Интервью со Славой PTRK
Наверное, вы читали статьи о Екатеринбурге в «Русском Репортере» или журнале «Афиша». В чистом поле — три богатыря. Возможно, такой поворот неизбежен в небольшом очерке о жизни большого города. Но он же множится и в самоописаниях. Например, в рейтинге художников журнала «Выбирай» №21 за 2011 год. Откуда берется после чтения всех этих текстов чувство разрыва каких-либо связей между поколениями, жителями разных домов, кварталов, юристами, врачами, водителями трамваев? Или это атавизмы роста в стране СССР, в XX веке, с его массовыми культурами?

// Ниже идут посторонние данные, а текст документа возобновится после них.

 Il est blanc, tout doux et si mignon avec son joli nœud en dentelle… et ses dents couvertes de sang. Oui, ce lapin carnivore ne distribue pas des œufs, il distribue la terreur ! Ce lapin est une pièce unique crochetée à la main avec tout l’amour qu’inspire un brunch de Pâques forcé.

В рейтинге местное искусство представляют художники, работавшие главным образом на улице, как раз там, где очень разные люди ходят. Интервью с одним из них ниже. Беседовали мы в конце августа.
КОГДА ХОЧЕТСЯ ГОВОРИТЬ: Слава PTRK
Слава PTRK. Портрет Эми Уайнхаус на ВИЗ-бульваре. Лето 2010 года
Фотография предоставлена Славой PTRK
Уличное искусство воспринимают как своеобразное медиа, а екатеринбургский художник Слава PTRK с его выбором героев работает, как газетный карикатурист в давние времена. Доктор Хаус, Владимир Путин, Эми Уайнхаус, Ленин, человек, потерявший целостность, собираемый из фрагментов информационных потоков, — персонажи его произведений. Все они создают образы реальности, где-то между телевидением, блогами и банальной, повседневной жизнью. И где-то там обнаружить себя может почти каждый.

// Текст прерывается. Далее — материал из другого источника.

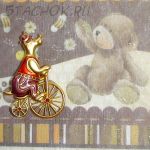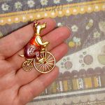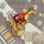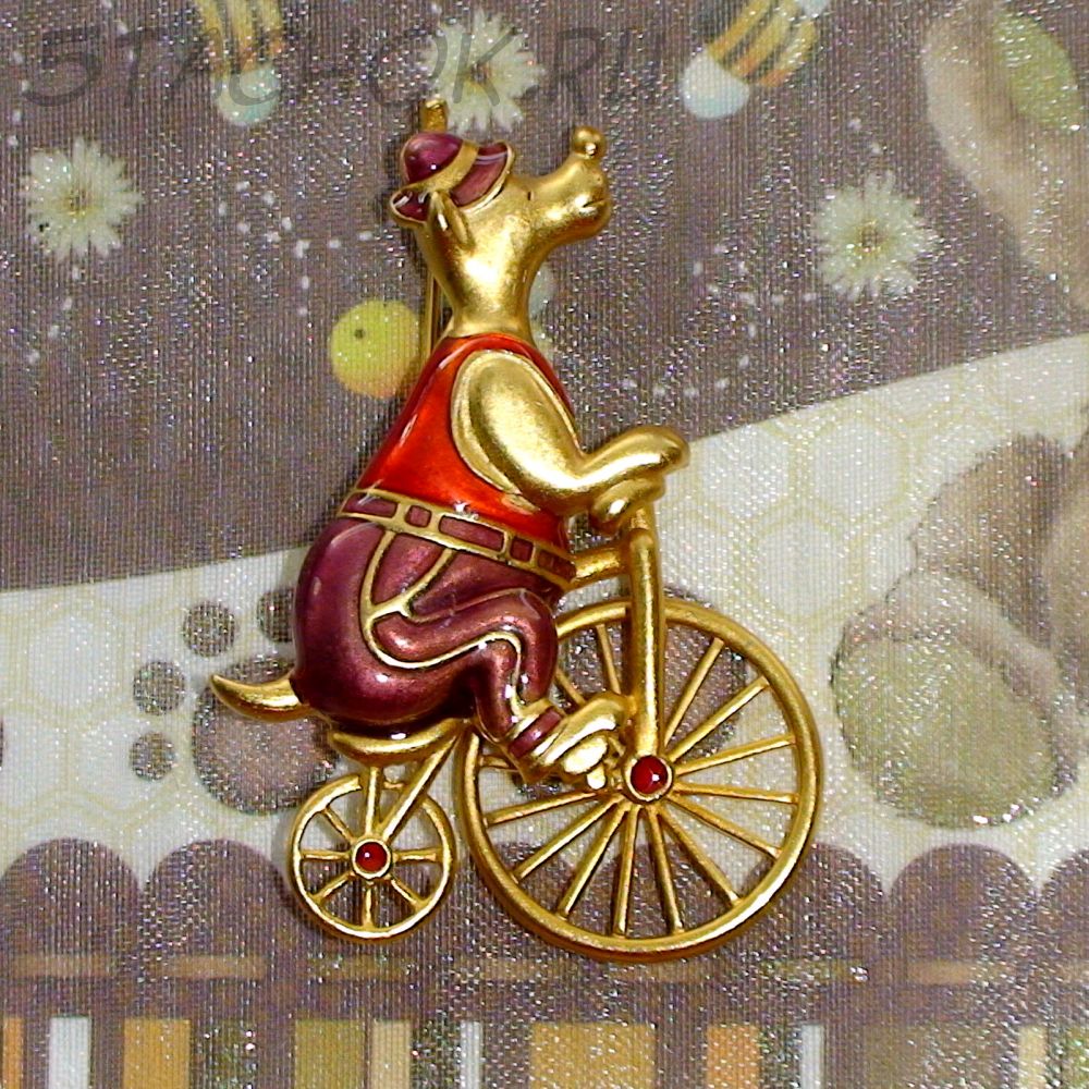 Брошь "Мишка-велосипедист" под золото/эмаль

— Я изучала историю искусства, знала о граффити, художниках вроде Баскиа и Бэнкси, но впервые на трафаретные изображения на стенах домов обратила внимание в Одессе в середине 2000-х. Мне тогда все это понравилось, потому что это были для меня загадочные знаки, послания городу. Хотелось понять, можно ли их читать, как они связаны со структурой города. Потом огромное количество такого рода изображений стало появляться в Екатеринбурге. Как вы работаете с городским пространством, как выбираете места, связываете картинки и город?
— Для меня очень важно расположение рисунка. Мне не интересно рисовать дома, а на улице я всегда выбираю места максимально людные, с максимальной проходимостью. Чем больше людей ходит, тем больше людей увидит мой рисунок, тем лучше. Плюс, в контекст вписываю, как с «Кириллом».
— Но когда вы множите изображения, зачем вы это делаете?
— Трафарет на то и рассчитан, чтобы его несколько раз рисовать.
— Зачем?
— Просто ты множишь свое искусство. Ты можешь дублировать свое изображение много раз, и это никак не привязывается к конкретным местам.
— Но зачем? Это напоминает магазинную расстановку товара. Чем больше пива или коробок пельменей выставишь, тем больше купят.
— Больше раз нарисуешь – больше людей увидит. Но я так не делаю, больше двух раз одно изображение не наношу. Не ставлю себе цели сделать много одинаковых рисунков.
— Вы не очень продуктивны.
— Да, есть такое дело. У меня такой темперамент: долго собираюсь, долго разгоняюсь, прежде чем начать делать. Могу делать одну работу в месяц, могу сделать две за ночь.
— Как вообще стали заниматься уличным искусством?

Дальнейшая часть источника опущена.